These variables serve various purposes:

TF_ROOT: Defines the root directory for Terraform operations.
TF_ADDRESS and TF_HTTP_ADDRESS: Specify the address for the Terraform HTTP backend, which stores the state files. In our case, it is the GitLab HTTP backend.
TF_IN_AUTOMATION: Tells Terraform it’s running in an automated environment.
TF_VAR_*: These variables are passed to Terraform as input variables, allowing you to use GitLab CI/CD information in your Terraform configurations.

TF_HTTP_USERNAME and TF_HTTP_PASSWORD: Provide authentication for the Terraform HTTP backend.

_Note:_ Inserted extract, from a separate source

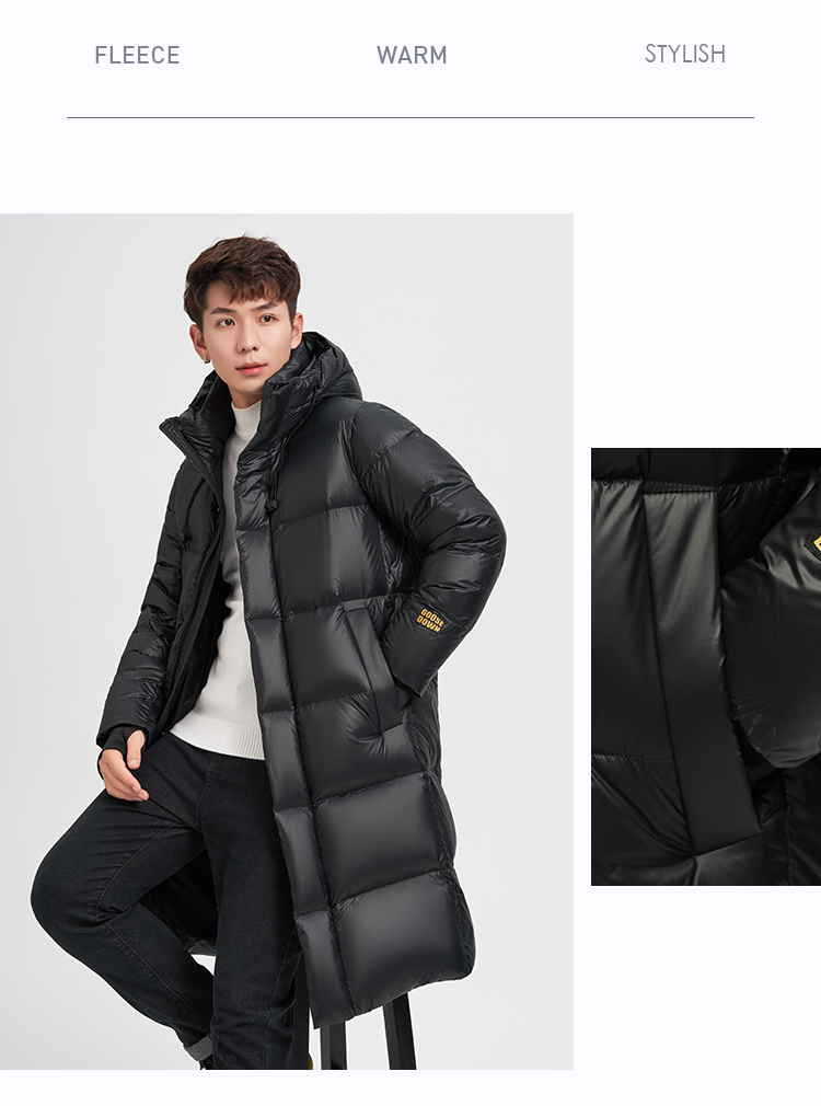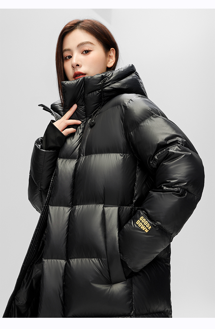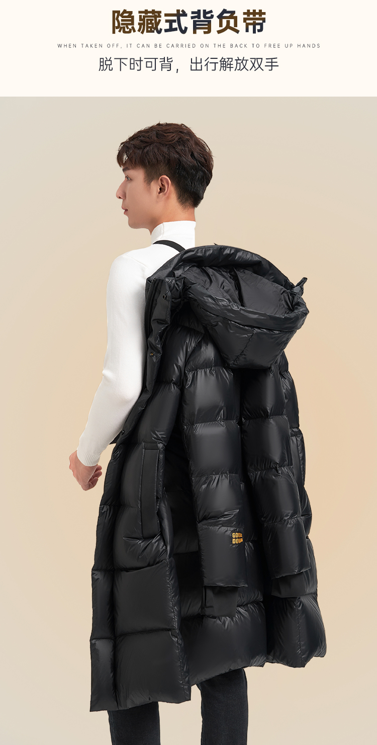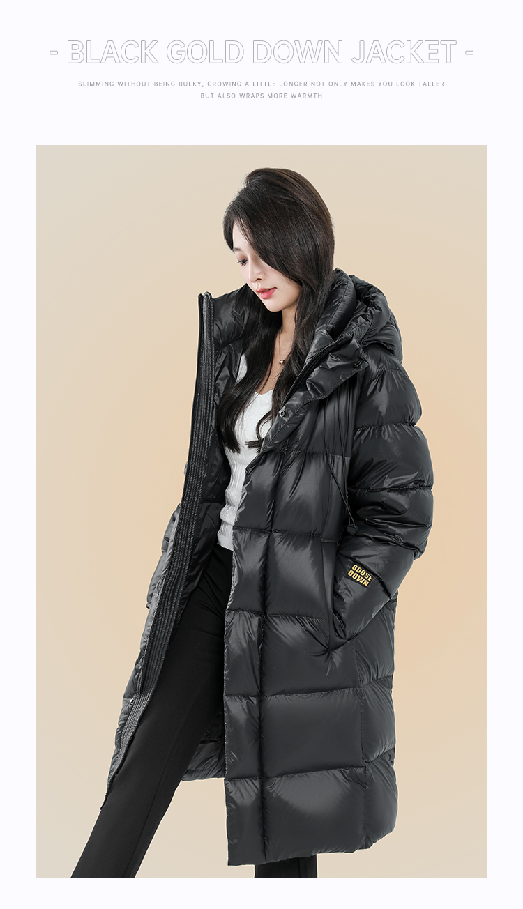 【实付满399送保温杯】【石墨烯火山岩黑金长款羽绒/鹅绒服】男女同款保暖羽绒服外套通勤连帽棉服YT409

Cache and Before Script Blocks

# Cache Terraform files to speed up subsequent runs
cache:
  key: tf-pipeline-$CI_COMMIT_REF_SLUG
  paths:
    - ${TF_ROOT}/.terraform
    - ${TF_ROOT}/.terraform.d/plugin-cache

# Set up the working directory and install necessary tools
before_script:
  - cd ${TF_ROOT}
  - apk add --no-cache curl jq

The cache block helps speed up subsequent pipeline runs by caching the .terraform directory, which contains downloaded providers and modules. The before_script block runs at the start of every job. It changes to the Terraform root directory and installs curl and jq, which are often useful for script operations.

Pipeline Stages

# Define the stages of the pipeline
stages:
  - prepare
  - build
  - deploy
  - promote
  - destroy

These stages are like the circle of life for your infrastructure. From nothing, to something, to something better, and then back to nothing. It’s poetic, really. These stages define the order of operations in your pipeline:

prepare: Initial setup and validation
build: Creating the Terraform plan
deploy: Applying the Terraform plan
promote: Moving changes between environments
destroy: Tearing down the infrastructure (usually manual)

Reusable Templates

The pipeline uses several reusable templates:

setup_aws_config: Configures AWS credentials using OIDC.
validate_script: Runs terraform validate to check for configuration errors.
plan_script: Creates a Terraform plan.
apply_script: Applies the Terraform plan.
destroy_script: Destroys the Terraform-managed infrastructure.
promotion_script: Handles promoting changes between environments.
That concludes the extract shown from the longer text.